In [1]:
from argparse import Namespace
import os
os.environ['OMP_NUM_THREADS'] = '4' 

from annoy import AnnoyIndex
import numpy as np
import torch
from tqdm import tqdm_notebook


These pre-trained word embeddings come from the [Glove project](https://nlp.stanford.edu/projects/glove/).
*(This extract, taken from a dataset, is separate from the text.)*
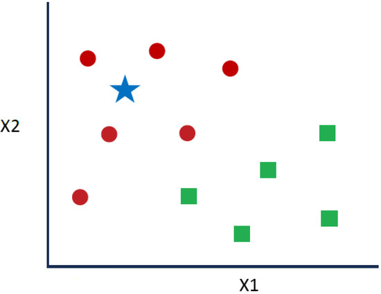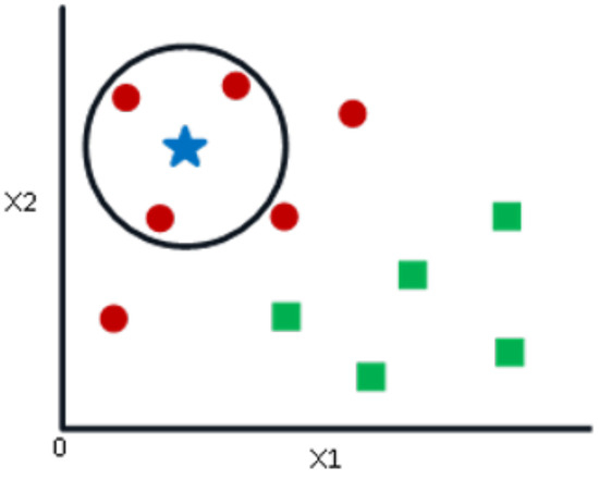 k-NN is used to classify target points (unknown class) as a function of their distances from points constituting a learning sample (i.e., the class of which is known a priori). k-NN is an intuitive supervised classification approach that is often used in the context of ML [27]. This is a generalization of the nearest neighbor (NN) method. NN is a special case of k-NN where k = 1. Given the series of red circles (RCs) and green squares (GSs) shown in Figure 6, if the intention is to know the blue star (BS) class, a BS can be an RC or a GS. The “k” in the k-NN algorithm denotes the considered number of closest neighbors.
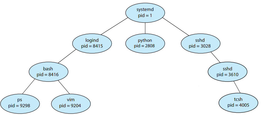 아래는 리눅스의 전형적인 프로세스 트리를 보여준다. pid가 1인 systemd 프로세스가 모든 사용자 프로세스의 루트 부모 프로세스 역할을 수행하고 시스템이 부트될 때 생성되는 첫 번째 사용자 프로세스이다. 시스템이 부팅되면 systemd 프로세스는 다양한 사용자 프로세스를 생성한다. systemd 프로세스가 로그인 하는 사용자 관리를 담당하는 logind 프로세스를 생성하고 logind 프로세스는 bash 셸 프로세스를 생성하고 bash 셸 프로세스는 ps와 vim 프로세스를 생성하는 것을 볼 수 있다.

For more details, about how the embeddings were generated see [this paper](https://nlp.stanford.edu/pubs/glove.pdf).

In [2]:
args = Namespace(
    glove_filename='../data/glove.6B.100d.txt'
)

In [3]:
def load_word_vectors(filename):
    """
    A helper function to load word vectors from a file.
    """
    word_to_index = {}
    word_vectors = []
    
    with open(filename) as fp:
        for line in tqdm_notebook(fp.readlines(), leave=False):
            line = line.split(" ")
            
            word = line[0]
            word_to_index[word] = len(word_to_index)
            
            vec = np.array([float(x) for x in line[1:]])
            word_vectors.append(vec)
            
    return word_to_index, word_vectors

In [4]:
class PreTrainedEmbeddings(object):
    """
    A helper class to use standalone pre-trained embeddings
    """
    def __init__(self, glove_filename):
        self.word_to_index, self.word_vectors = load_word_vectors(glove_filename)
        self.word_vector_size = len(self.word_vectors[0])
        
        self.index_to_word = {v: k for k, v in self.word_to_index.items()}
        self.index = AnnoyIndex(self.word_vector_size, metric='euclidean')
        print('Building Index')
        for _, i in tqdm_notebook(self.word_to_index.items(), leave=False):
            self.index.add_item(i, self.word_vectors[i])
        self.index.build(50)
        print('Finished!')
    
    def get_embedding(self, word):
        return self.word_vectors[self.word_to_index[word]]
    
    def closest(self, word, n=1):
        """
        Finall the top-n closest words (in the embedding space) to a given word.
        """
        vector = self.get_embedding(word)
        nn_indices = self.index.get_nns_by_vector(vector, n)
        return [self.index_to_word[neighbor] for neighbor in nn_indices]
    
    def closest_v(self, vector, n=1):
        nn_indices = self.index.get_nns_by_vector(vector, n)
        return [self.index_to_word[neighbor] for neighbor in nn_indices]
    
    def sim(self, w1, w2):
        """
        find similarity between two words. returns a non-negative score.
        Higher the score, more the similarity in some dimension.
        """
        return np.dot(self.get_embedding(w1), self.get_embedding(w2))

In [5]:
glove = PreTrainedEmbeddings(args.glove_filename)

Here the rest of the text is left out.